En outre, L’article 98 de la Constitution qui traite des traités et Conventions internationaux dispose :
« Les traités ou accords régulièrement ratifiés ou approuvés ont, dès leur publication, une autorité supérieure à celle des lois, sous réserve, pour chaque accord ou traité, de son application par l’autre partie. »
Ces différents instruments, pour certaines de leurs dispositions sont d’application immédiate, sous réserve, pour d’autres, de la mise en place de certaines mesures ou moyens appropriés nécessaires à leur application. Sur ce point, il convient de mentionner que les nombreux plaidoyers des organisations de la société civile (OSC) œuvrant pour le respect de l’Etat de droit et de la hiérarchie des normes, aux fins de sensibiliser les autorités politiques sur la nécessité d’harmoniser ces instruments internationaux et régionaux avec les lois nationales, se sont révélés, à ce jour, peu efficaces.
Pourtant, ces Conventions, Traités et Déclarations, signés et ratifiés par les Etats permettent aux hommes, aux femmes et aux enfants de jouir de leur droits fondamentaux. Pour ce faire, il est fondamental que les Etats signataires, respectent leurs engagements au niveau international et régional.
Le non respect de leurs engagements par les Etats doit être dénoncé avec véhémence. Leur redevabilité doit être de plus en plus exigée, pour l’atteinte des ODD et l’instauration de l’égalité Femmes-Hommes.
Les mêmes problèmes seront toujours évoqués si les Etats continuent à ratifier (pour la plupart, sans réserve) les instruments précités sans les appliquer ou prendre les mesures appropriées pour leur mise en œuvre.
Un rapide survol de la situation des droits humains montre les conséquences fâcheuses de la non redevabilité des Etats concernant l’application des instruments internationaux et régionaux, particulièrement, la CEDEF, Le Protocole de Maputo, la CDE. Cette redevabilité des Etats doit être effective s’agissant de :
- la déclaration des naissances
Ce droit figure dans les instrument internationaux et régionaux, entre autres, au niveau des articles 7 de la Convention des Droits de l’Enfant et 6 de la Charte Africaine des Droits et du Bien être de l’Enfant.

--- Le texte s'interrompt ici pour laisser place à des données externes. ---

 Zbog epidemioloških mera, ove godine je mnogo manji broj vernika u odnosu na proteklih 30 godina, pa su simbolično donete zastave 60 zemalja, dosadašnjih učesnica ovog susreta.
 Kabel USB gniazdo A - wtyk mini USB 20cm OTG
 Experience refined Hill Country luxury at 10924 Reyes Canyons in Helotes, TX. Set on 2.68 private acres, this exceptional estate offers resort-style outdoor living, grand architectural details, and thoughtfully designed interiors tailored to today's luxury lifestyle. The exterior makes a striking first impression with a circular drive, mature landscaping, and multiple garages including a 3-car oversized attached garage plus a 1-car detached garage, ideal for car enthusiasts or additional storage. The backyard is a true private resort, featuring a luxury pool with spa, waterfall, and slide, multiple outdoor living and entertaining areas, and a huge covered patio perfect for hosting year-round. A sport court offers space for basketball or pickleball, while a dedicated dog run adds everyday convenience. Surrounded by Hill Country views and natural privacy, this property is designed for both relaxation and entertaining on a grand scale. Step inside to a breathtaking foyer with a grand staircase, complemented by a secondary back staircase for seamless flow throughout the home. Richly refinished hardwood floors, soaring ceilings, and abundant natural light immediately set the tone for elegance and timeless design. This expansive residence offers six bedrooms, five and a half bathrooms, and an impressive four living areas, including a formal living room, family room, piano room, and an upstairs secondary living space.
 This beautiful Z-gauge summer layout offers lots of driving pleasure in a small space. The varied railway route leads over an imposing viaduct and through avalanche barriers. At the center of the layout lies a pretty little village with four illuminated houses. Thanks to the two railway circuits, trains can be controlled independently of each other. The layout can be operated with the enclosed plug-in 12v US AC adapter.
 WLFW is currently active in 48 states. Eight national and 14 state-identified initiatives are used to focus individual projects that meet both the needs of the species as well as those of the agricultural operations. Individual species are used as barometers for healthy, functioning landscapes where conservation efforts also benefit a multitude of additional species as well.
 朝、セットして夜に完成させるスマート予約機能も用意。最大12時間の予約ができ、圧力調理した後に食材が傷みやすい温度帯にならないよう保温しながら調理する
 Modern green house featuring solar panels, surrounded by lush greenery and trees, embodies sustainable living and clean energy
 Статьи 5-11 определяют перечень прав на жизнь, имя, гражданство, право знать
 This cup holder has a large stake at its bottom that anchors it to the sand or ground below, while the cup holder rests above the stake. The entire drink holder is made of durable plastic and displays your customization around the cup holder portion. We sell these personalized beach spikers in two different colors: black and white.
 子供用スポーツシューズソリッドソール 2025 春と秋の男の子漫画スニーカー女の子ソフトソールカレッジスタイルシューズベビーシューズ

Après le droit à la vie, tout enfant a le droit d’être enregistré à la naissance. L’enregistrement lui permet d’avoir une identité qui regroupe le nom, le prénom, la date de naissance, le sexe et la nationalité. Grâce à ces informations, l’enfant sera titulaire de droits et obligations spécifiques.

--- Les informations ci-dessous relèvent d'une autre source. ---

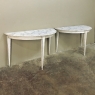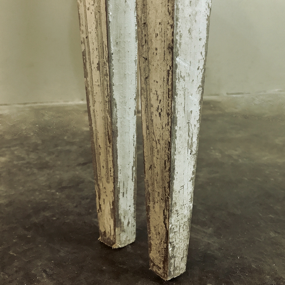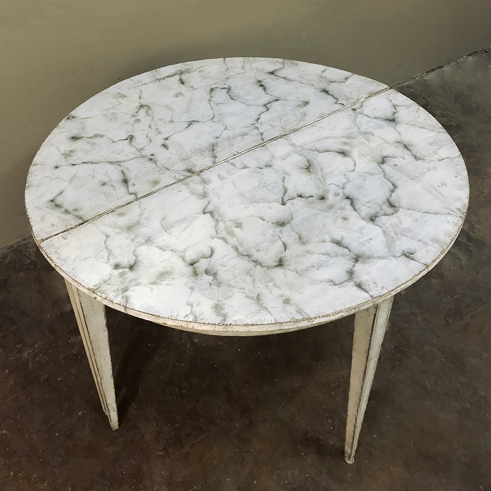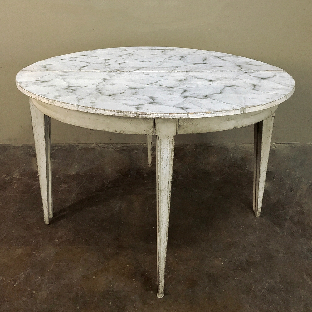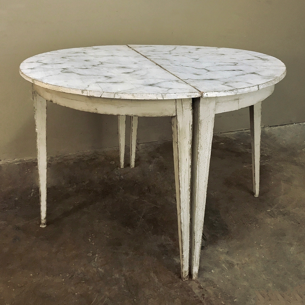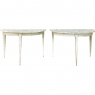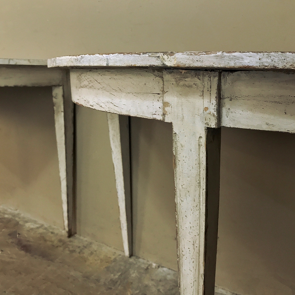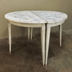 SalePair 19th Century Swedish Demilune Painted Consoles are perfect for adding symmetry to any room, and features tailored rectilinear architecture reminiscent of the neoclassic movement. Each console is supported by three tapered legs, and features a patinaed painted finish including a faux marble effect painted on the half-moon shaped top surfaces. Because each is supported by three legs, the design does not have to be physically mounted to the wall, making them very versatile and easy to move about the room as one's design whimsies can be explored. Put the two back to back, and create a great little game table or breakfast table, increasing the pair's versatility even more!
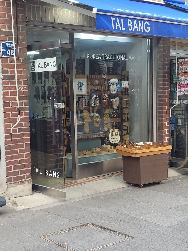 There really is only one main street through Insadong and that itself has smaller offshoots, all of which are worth looking down as you never know what you may find. I personally spent a good couple of hours wandering very slowly and checking out many windows on this street. The main items on offer here are: stationary/calligraphy supplies (proper looking professional stuff that you really need to know what you are seeking or asking for), silk crafts (pillows, bags, pillow cases, norigae – these are the traditional adornments you see on hanbok), dojang makers (these are the traditional name stamps used for documents), tal/hahoe masks (traditional wooden face masks used in rituals/plays/festivals) and art galleries (both traditional and modern-style art).

Il s’agit d’un droit fondamental et universel, le premier qui permet d’être sujet de droit et de pouvoir jouir de tous se droits fondamentaux.
Les Etats parties doivent veiller à mettre ces droits en oeuvre conformément à leur législation nationale et aux obligations que leur imposent les instruments internationaux applicables en la matière, en particulier dans les cas où faute de cela l’enfant se trouverait apatride.

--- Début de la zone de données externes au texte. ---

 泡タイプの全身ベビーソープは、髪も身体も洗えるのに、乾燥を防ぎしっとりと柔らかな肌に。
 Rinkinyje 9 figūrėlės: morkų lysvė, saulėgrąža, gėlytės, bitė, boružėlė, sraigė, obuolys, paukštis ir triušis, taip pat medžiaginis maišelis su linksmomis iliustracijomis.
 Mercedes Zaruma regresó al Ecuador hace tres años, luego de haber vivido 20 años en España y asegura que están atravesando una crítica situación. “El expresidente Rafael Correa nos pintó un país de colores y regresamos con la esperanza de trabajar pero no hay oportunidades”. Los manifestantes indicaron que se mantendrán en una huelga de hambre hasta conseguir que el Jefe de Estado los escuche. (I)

Le non respect par les Etats de leurs engagements dans ce domaine, font que selon l’UNICEF, 230 millions d’enfants de moins de 5 ans ne sont pas déclarés à la naissance dans le monde aujourd’hui. En 2012, 54 millions d’enfants n’ont pas été déclarés, en Asie du Sud, la proportion atteint 64 pour cent, en Afrique subsaharienne 62 pour cent, tandis qu’en Afghanistan et en Ethiopie, à peine 6 ou 7 pour cent des enfants sont enregistrés.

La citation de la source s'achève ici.